今日もパンを手に空き教室へと向かう。それはこの後受ける予定の共存魔術の教室。校舎の5階端にあり、人が来ないだろうと予想して向かう。
……が、そこには先客がいた。銀髪の皇女と、焦げ茶の髪の男。
確か先週の授業の後に、皇女に何か話し掛けていた奴か。
出て行こうとしたが、二人と目が合ってしまい、いつもの様にすっと逸らしてそのまま一番前に座った。
袋からパンを取り出し、本を開くも……
小鳥みたいな甲高い声、低い耳障りな男の声。何が面白いのか……静かな教室に何度も響く笑い声。
うるさい、うるさい、うるさい!
ガタン!!
ギルバートは勢いよく立ち上がると、鞄に食べかけのパンと本を突っ込み、教室を出て行った。
◇
あっ……ギル様が教室に入って来る。
灰色の瞳がいつもの様に逸らされると、一番前の席に座った。
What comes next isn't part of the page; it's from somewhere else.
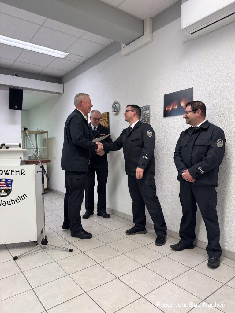 Weiter berichtete er über die Vervollständigung der leichten Einsatzkleidung, die mit der Bestellung der zugehörigen Hosen im vergangenen Jahr abgeschlossen werden konnte. Des Weiteren erhielt die Stadt Bad Nauheim einen Zuwendungsbescheid des Landes i.H.v. 132.000 € durch Staatsminister Roman Poseck für die Beschaffung eines neuen Rüstwagens.
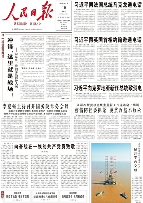 2月19日《人民日報》一版版面 在這場來勢洶洶的疫情面前,前方記者迎難而上,宵衣旰食,用責(zé)任與擔(dān)當(dāng)沖鋒在抗疫采訪第一線,用初心和使命激發(fā)必勝信念。人民日報社湖北分社記者程遠(yuǎn)州是報社最早關(guān)注和報道武漢疫情的記者。2019年12月31日,程遠(yuǎn)州就通過調(diào)查,率先寫出報道《武漢不明原因肺炎不能斷定是SARS 7例病情危重》,文章在人民日報微博發(fā)出后,引起廣泛轉(zhuǎn)載。湖北分社和人民網(wǎng)湖北頻道編輯記者自疫情暴發(fā)以來,全體堅守在一線,寫出大量生動感人的報道。主動請纓赴武漢的山東分社采編中心主任侯琳良,元宵節(jié)這天剛把后方安排的稿件寫好,中午就和湖北分社社長賀廣華從武漢驅(qū)車兩個半小時,到咸寧通城縣雋水鎮(zhèn)采訪基層防控壓實責(zé)任的情況,晚上趕回武漢寫稿。人民網(wǎng)湖北頻道記者郭婷婷接到報道任務(wù),告別才5個月大的女兒,火速趕回武漢,兩天內(nèi)趕寫出19篇報道。

袋から何かを取り出し、口にしている。
ギル様もお昼かな? フルーツサンド……なんて食べないよね。ギル様は甘いもの嫌いだもん。卵サンドはもう食べちゃったしな。
「……それでね」
コレットの声にはっとし、ユリナは慌てて耳を傾ける。
彼の話はとても面白い。首都で流行っていることや皇法学園のこと、御家族の話など。
彼が幼い頃、厳しい家庭教師の先生から逃げる為に、勉強道具を全部担いで屋根に登った話には思わず吹き出してしまった。
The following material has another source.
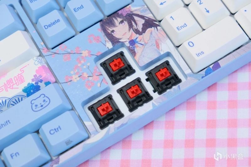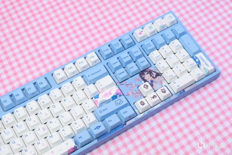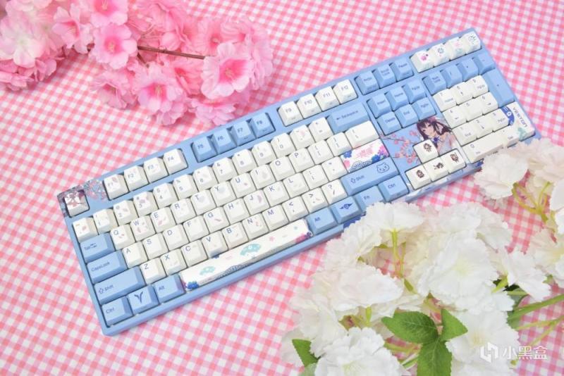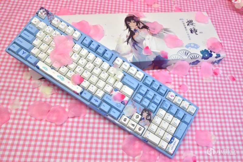 键盘整体以蓝色和白色为主色调,非常匹配樱瞳的形象,清纯又俏皮。PBT材质键帽上点缀的粉色樱花元素印花浪漫唯美,与还有方向键区的樱瞳元素真的够萌够可爱,仿佛能感受到从樱瞳身上散发出若隐若现的樱花香味,大概这就是情人节的味道啊~

「私も悪戯して怒られそうになった時、よく木に登ったの」
「皇女様が!?」
「でも、お父様は背が高いからすぐに見つかってしまって。普段からどの木が見つかりにくいか、探しながら歩いていたんだけど」
ユリナの話にコレットも声を上げて笑う。
ガタン!!
突然ギルバートが大きな音を立てて立ち上がり、教室を出ていく。
「……感じ悪いな」
眉を潜めて言うコレット。
「うるさかったのかも……」
哀しげに顔を歪めるユリナを、コレットはじっと見つめていた。